DATA EXTRACT START

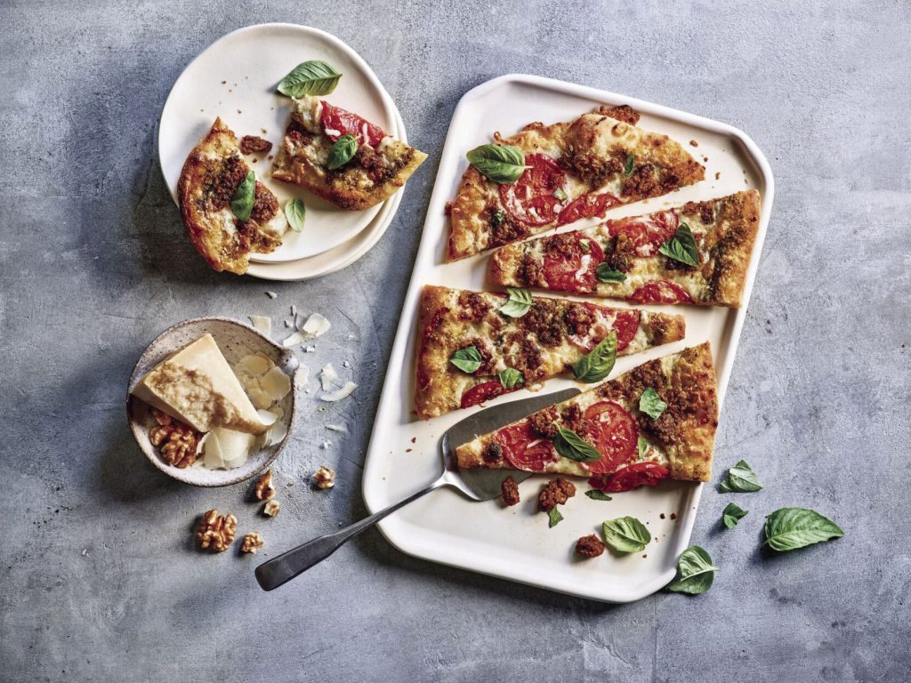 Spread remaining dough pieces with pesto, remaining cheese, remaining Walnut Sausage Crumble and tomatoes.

DATA EXTRACT END
DATA EXTRACT START

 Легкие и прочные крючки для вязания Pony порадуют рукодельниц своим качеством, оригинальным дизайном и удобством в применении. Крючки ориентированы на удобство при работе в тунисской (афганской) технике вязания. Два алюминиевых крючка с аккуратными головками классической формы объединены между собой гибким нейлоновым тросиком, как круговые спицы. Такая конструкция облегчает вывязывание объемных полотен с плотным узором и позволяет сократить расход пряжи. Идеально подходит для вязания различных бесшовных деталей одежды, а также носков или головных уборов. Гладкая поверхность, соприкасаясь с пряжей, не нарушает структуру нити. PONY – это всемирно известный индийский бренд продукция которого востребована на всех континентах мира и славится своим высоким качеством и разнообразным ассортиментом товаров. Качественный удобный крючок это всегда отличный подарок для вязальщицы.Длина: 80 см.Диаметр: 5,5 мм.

DATA EXTRACT END
DATA EXTRACT START

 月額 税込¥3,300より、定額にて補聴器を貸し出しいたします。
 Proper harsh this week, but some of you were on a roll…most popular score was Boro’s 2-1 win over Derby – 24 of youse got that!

DATA EXTRACT END

- WHAT YOU ARE ASKED TO DO -
Above this instruction are the records; retype exactly the lines from the one containing "月額 税込¥3,300より、定額にて補聴器を貸し出しいたします。" up to and including the one containing "Proper harsh this".

- ANSWER FOR THE TASK -
 月額 税込¥3,300より、定額にて補聴器を貸し出しいたします。
 Proper harsh this week, but some of you were on a roll…most popular score was Boro’s 2-1 win over Derby – 24 of youse got that!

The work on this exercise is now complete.